Canon dominates the top of this market, while Nikon seems happy to follow Sony in stacking its digicams with mega features that have little to do with photography. Yes, there are couple of exceptions but they’re pretty half-hearted. The P6000 was one of Nikon’s first attempts at making a serious digicam, but its mixed-bag image quality and performance disappointed most reviewers. The P7000 followed about 12 months ago and aped the Canon G12 in form and features.
It was another dud. Ken Rockwell, known for calling a spade a bloody shovel, called the P7000 'retarded'. ‘Nikon went out of its way to offer too many ways to do too many things, he wrote. ‘Nikon tried to put too many features in this camera, but never bothered to spend the time and effort required to put all these features into this camera in a way that we could find, use and understand them. There are too many different ways to do to many different things, nothing is organized from a user's point of view, so nothing is easy or clear. Ooops! Worse, the buggy firmware means some things, like the rear control dial or flash control options, don't even work as planned, further adding to the frustration. http://www.kenrockwell.com/nikon/coolpix/p7000.htm
Nikon hurried a firmware update to fix a few things, among them painfully slow menus, but that wasn’t enough to rescue the expensive camera from oblivion. DP Review politely suggested the Canon s95 or G12 or the Panny LX5 were better options. http://www.dpreview.com/reviews/q42010highendcompactgroup/page18.asp
Now Nikon has released the P7100. It might’ve fixed most of the things that were wrong with the P7000, but the world has moved on since then. As Thom Hogan puts it: ‘The P7100 has an extra control and a tiltable screen, so it must obviously be a new model. … With product cycles so short, some things don't get done that the company might have wanted to do. So they push them back to the next iteration of the product. The P7100 is claimed to write faster when shooting raw files, focus more reliably, and respond faster in the menus. Obviously, someone worked on the P7000 firmware in the last year.’
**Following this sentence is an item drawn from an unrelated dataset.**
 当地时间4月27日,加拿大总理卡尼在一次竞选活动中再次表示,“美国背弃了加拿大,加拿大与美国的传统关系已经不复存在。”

Meanwhile, Canon is probably readying the launch of its updated S95/G12 line, well before Christmas I suspect, and Nikon will be caught with its pants down once more.
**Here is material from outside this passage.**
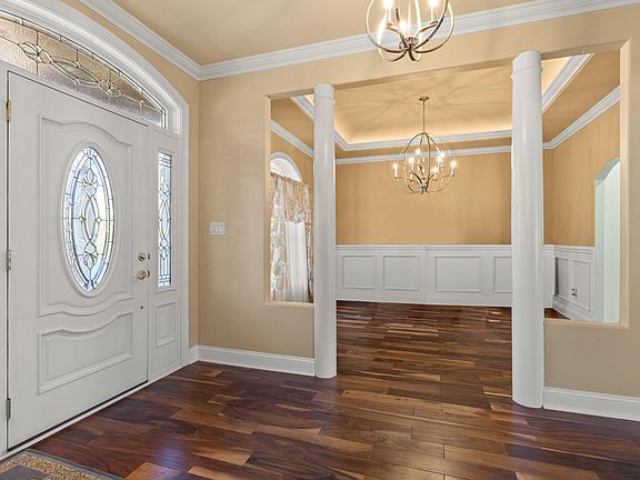 Welcome to your dream home in one of Madison County's most desirable gated communities - where everyday living feels like a retreat and golf course views are right outside your door! This home is set on a spacious 1.74-acre lot, giving you the perfect mix of privacy and community living. From the moment you arrive, the timeless curb appeal, mature landscaping, and inviting front entry set the tone for what's inside. Step through the front door and you're greeted by wide-open spaces, soaring ceilings, and abundant natural light. Every room in this home feels grand and welcoming, from the elegant dining area with wainscoting and wood floors to the oversized living room with a statement fireplace and large windows framing views of your property. The kitchen is a true showstopper—bright, spacious, and designed with both function and style in mind. Custom white cabinetry, granite countertops, tile backsplash, and stainless steel appliances (including double ovens!) make this a chef's dream. The breakfast nook offers a cozy spot to start your day. The primary suite is a private retreat, complete with a tray ceiling, spa-like ensuite bath, and an oversized walk-in closet. Unwind in your clawfoot soaking tub—this space was built for relaxation. Two additional generously sized bedrooms and a second full bath provide comfort and flexibility for family or guests. Out back, you'll find a beautiful patio overlooking the expansive yard—an ideal setting for morning coffee, evening gatherings, or simply soaking in the peace and quiet of your surroundings. With nearly two acres, you'll have plenty of room to entertain, garden, or simply enjoy the open space. Additional highlights include an oversized 3-car garage, perfect for vehicles, storage, and hobbies. And let's not forget—you're living in a gated golf course community, giving you both security and resort-style living just minutes from town. This isn't just a home—it's a lifestyle. Whether you're hosting friends, enjoying family time, or savoring the serenity of your surroundings, this property delivers it all.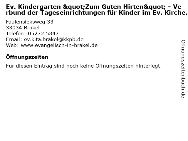 | Ev. Kindergarten "Zum Guten Hirten" - Verbund der Tageseinrichtungen für Kinder im Ev. Kirchenkreis Paderborn anrufen | |

Nikon’s other attempt at a decent digicam is the p300, with serious attributes like a fast lens, metal body, manual controls and >$300 price tag, so it looks set to go up against the S95 and LX5 until you see that Nikon didn’t worry about upgrading the tiny sensor or offering RAW. The reviews were decent enough but almost always there was an ‘if only Nikon had …’
Thom says: 'So we now have two "professional" (P) series Coolpix models that look compelling on paper, but neither of which totally delivers the goods. I can't really recommend the P300 over a Canon S95 or Panasonic LX-5 as a pocket camera.’ In other words: must try harder, Nikon. Canon must be laughing fit to kill.
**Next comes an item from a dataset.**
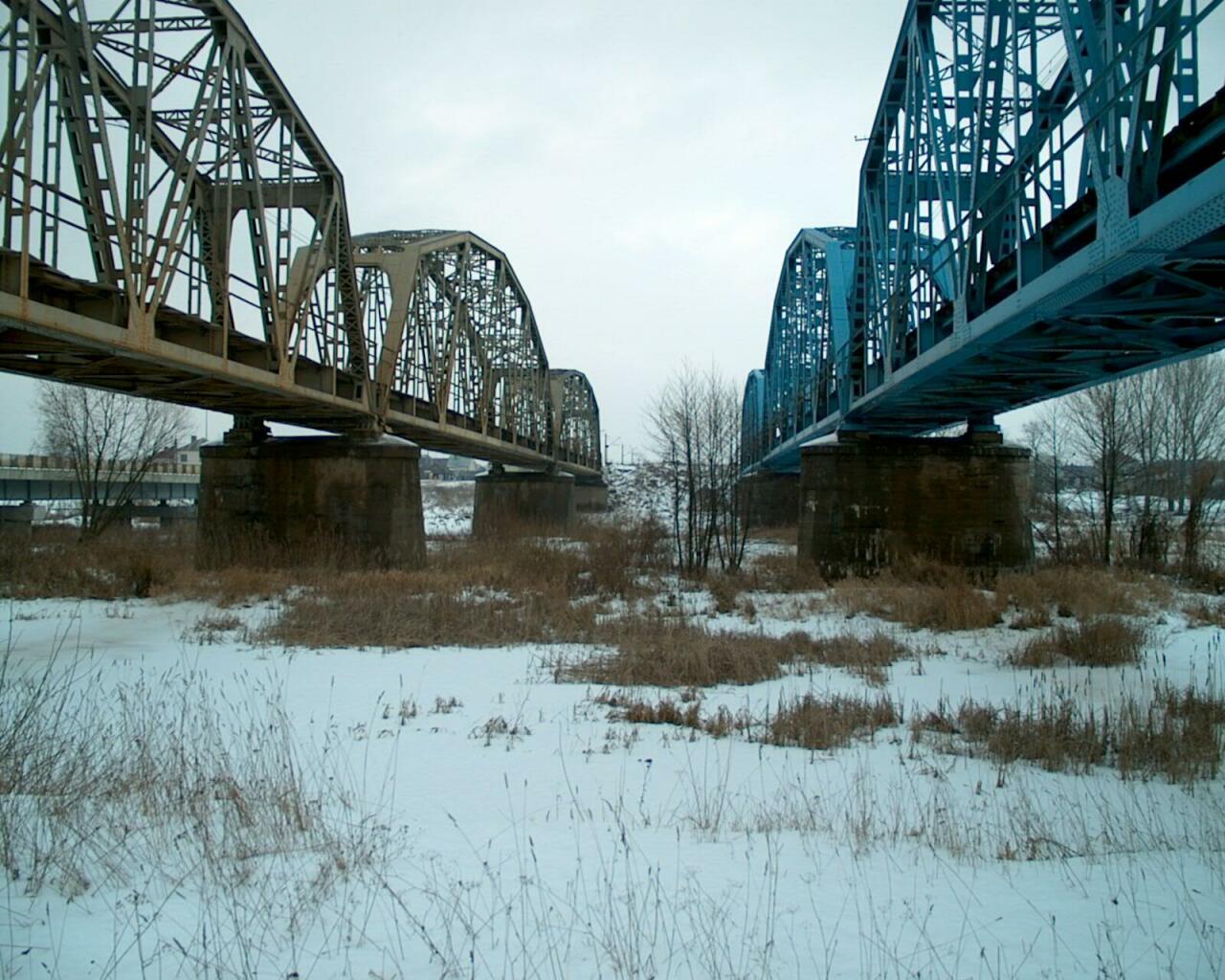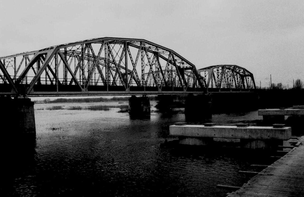 Widok z mostu drogowego na mosty kolejowe nad rzeka Narew. Mosty zelektryfikowane.

Nikon has done a better job in the travel zoom category, it seems, since the newish S9100 came equal first in DP Review's recently released mega test.
They said handling was fine and performance was snappy, and image quality very good except in poor light. The S9100 has an impressive 25-450mm (35mm equivalent) zoom range in a pretty compact body, along with a supersharp 920K screen. http://www.dpreview.com/reviews/q311travelzoomgrouptest/page17.asp
What the S9100 doesn't have is any kind of manual controls, which confirms that Nikon isn't serious about making pocket cameras for serious photographers. The equal first place-getter Canon SX230 HS has full manual controls - see my review a couple of posts below. So in my book, Canon wins this contest as well.
Come on, Nikon - will you get serious please?